Ecco una notizia ghiottissima, che ho appena letto e non resisto a non riportare e commentare qui. Di studi scientifici sui costumi di uomini e donne ne ho scritto spesso, ma questo è del tutto prticolare. A redigerlo è nentepopodimenoché il Vaticano, infatti. E non l’ho letto nel giornalino della parrocchia (per restare in tema) ma su Corriere.it!
La ricerca è stata condotta dal teologo Monsignor Wojciech Giertych e da Roberto Busa, studioso gesuita, e ha come materiale le confessioni dei fedeli degli ultimi anni. Elaborando queste confessioni si è scoperto quali sono i peccati più compiuti dagli uomini e quelli “preferiti” dalle donne. Se tralasciamo il fatto che evidentemente il confessore dopo che assolve il peccatore di turno compila un modulo in cui trascrive i peccati appena dichiarati, la cosa è interessante.
Ecco i risultati:
L’uomo pecca in quest’ordine: lussuria (e ti pareva), gola, accidia.
La donna, invece preferisce: superbia, invidia, ira (spesso funesta, spesso contro gli uomini).
Rimane l’avarizia, che evidentemente di questi tempi non è nemmeno d considerarsi un peccato, bensì una bella caratteristica!

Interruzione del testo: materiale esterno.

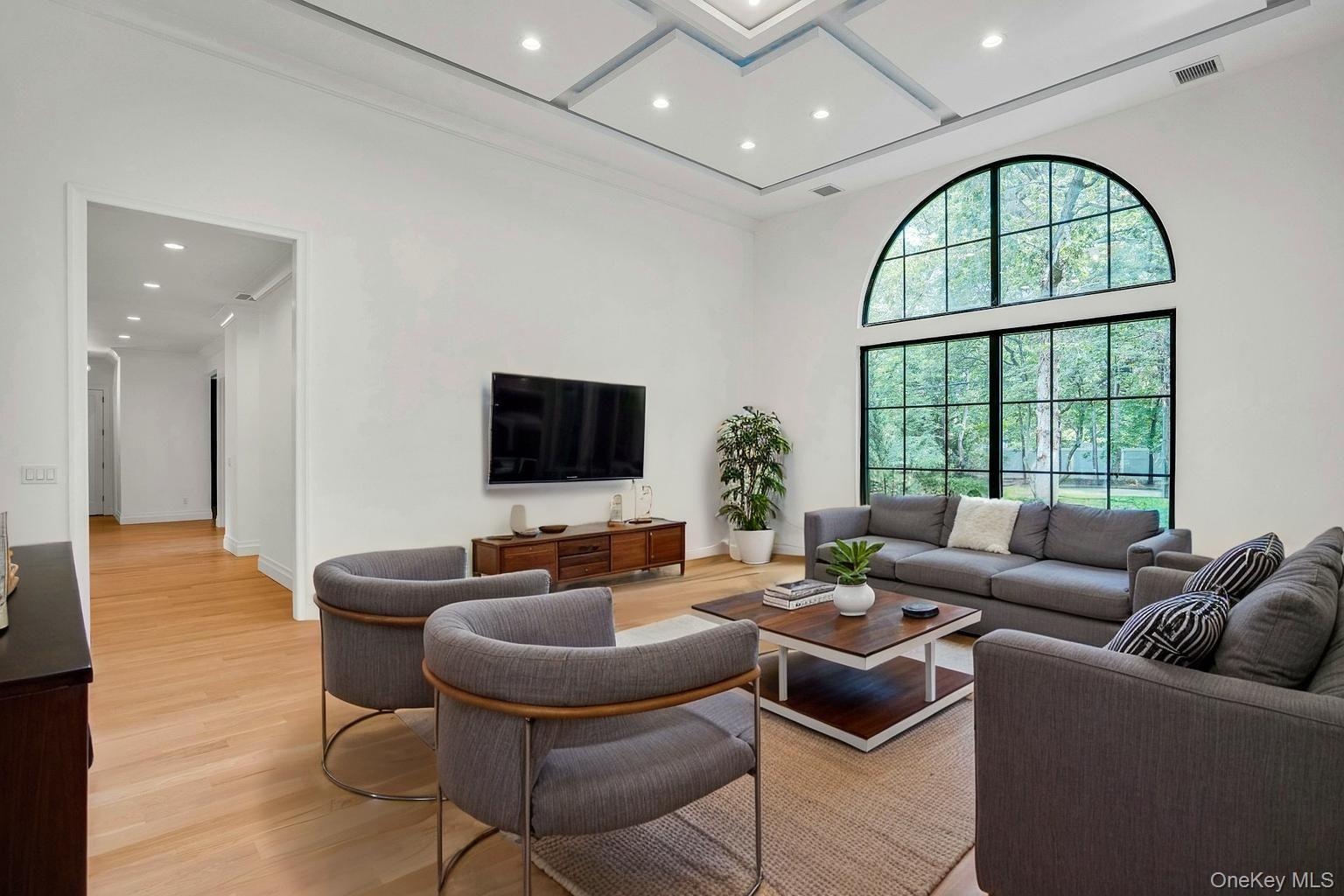 - Living area featuring coffered ceiling, light wood finished floors, recessed lighting, beam ceiling, and a high ceiling

Se il Monsignore teologo sostiene che fra tutti il peccato più grave sarebbe la superbia, il peccato che mi fa più paura è l’invidia. Un sentimento corrosivo, che uccide chi lo prova anche se vorrebbe uccidere il destinatario (e a volte i riesce), unito alla superbia, poi, è devastante.
E voi, quale “peccato” considerate peggiore? E di quale peccato siete affetti? (Io gola!)